En d’autres termes, Chypre est un cas particulier, selon l’analyse de Serge De Cillia. Il explique que, depuis son entrée dans l’UE en 2004, l’île tente de développer son secteur des services, ce à quoi n’a pas suffi l’industrie touristique soumise à la forte concurrence de la Grèce ou de la Turquie. On a voulu attirer l’activité par une fiscalité basse, poursuit Serge De Cillia, ce qui a conduit à une croissance très rapide du pays et de ses banques. En 2008 déjà, le secteur financier était trop important, estime le responsable de l’ABBL. Les dépôts bancaires venus de l’étranger ont ensuite été prêtés à bas taux au secteur de la construction chypriote, ainsi qu’aux entreprises, aux ménages et à l’Etat grecs, ce qui apparaissait alors comme un bon investissement, jusqu’à la décote de la dette grecque, résume Serge De Cillia. Les bilans des banques se sont alors effondrés et les crédits n’ont plus été remboursés, les prix de l’immobilier ont baissé et le chômage est monté, explique-t-il. En d’autres termes, on savait depuis des mois qu’il y avait des problèmes, indique Serge De Cillia, et il observe d’ailleurs que beaucoup d’étrangers en étaient conscients et auraient commencé à retirer leur argent de l’île.
A ses yeux, il est difficile de dire si la solution trouvée est bonne ou mauvaise. "A court terme, il fallait une décision", observe Serge De Cillia qui estime toutefois qu’elle ne suffira probablement pas. "Dès que le contrôle sur les capitaux va être levé, les habitants et les étrangers vont retirer une partie de leur fortune, et je crois qu’une profonde récession va s’ensuivre", augure-t-il, imaginant qu’un deuxième plan de sauvetage pourrait s’avérer nécessaire, d’autant que les possibilités qu’a Chypre de diversifier son économie sont limitées. Serge De Cillia pense aussi que ceux qui vont perdre de l’argent à Chypre risquent de ne plus placer leur fortune dans la zone euro : la confiance dans la zone euro est au plus bas et l’argent russe risque sans doute de filer vers Londres, Hongkong et Singapour, présage-t-il.
Pour ce qui est de présenter le Luxembourg comme le prochain candidat à la crise, comme l’ont fait certains journaux dans la foulée de la publication de l’entretien de Jeroen Dijsselbloem au Financial Times, Serge De Cillia ne donne pas foi à ces faiseurs de panique.

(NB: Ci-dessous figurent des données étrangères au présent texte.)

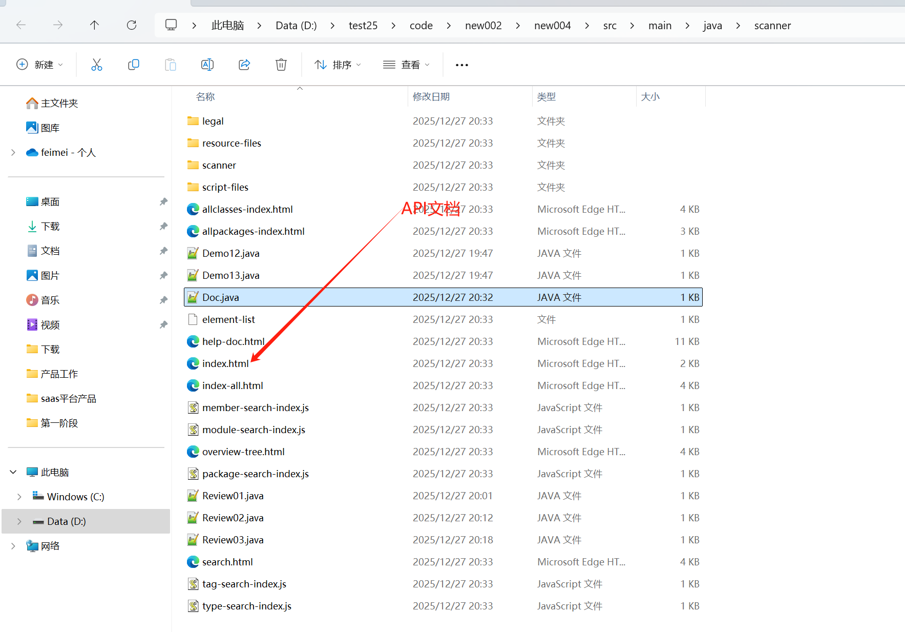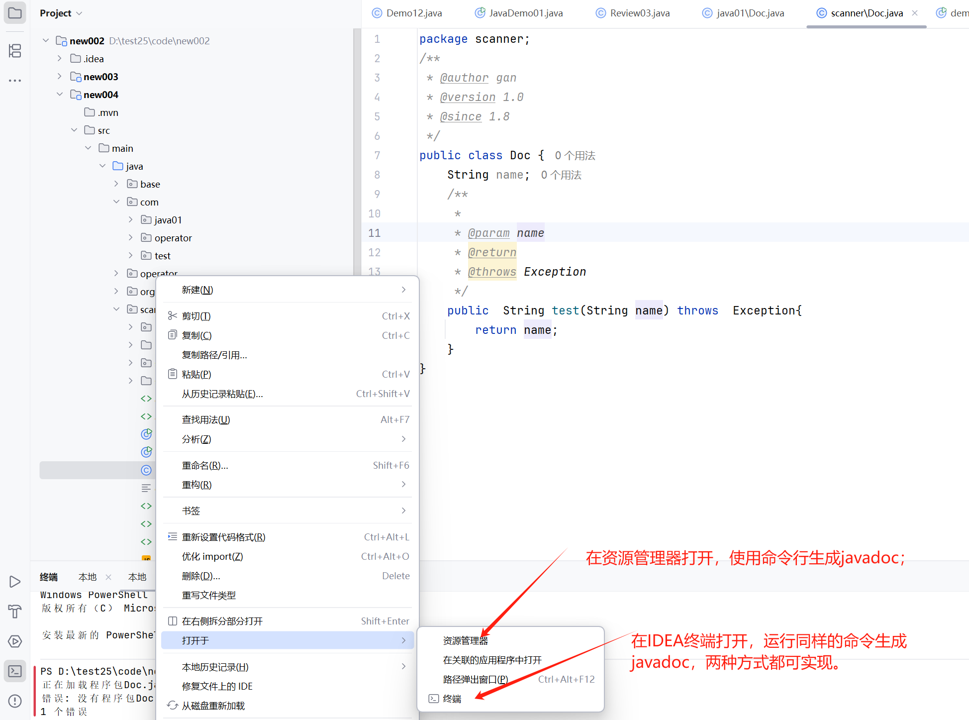 - 选择这个Doc.java文件,然后鼠标右键,选择打开于-》资源管理器,就能打开文件所在路径,路径处输入cmd命令行;

Pour lui, ce n’est que la preuve que les envieux sont toujours plus nombreux. Il résume ainsi l’argumentation qui prévaut : le Luxembourg risquerait la crise pour la seule raison qu’il a une place financière florissante. Le Luxembourg n’est pourtant pas le seul pays où les actifs bancaires dépassent le PIB du pays, souligne-t-il en évoquant notamment la Suisse, dont personne ne met en cause la solidité pour autant.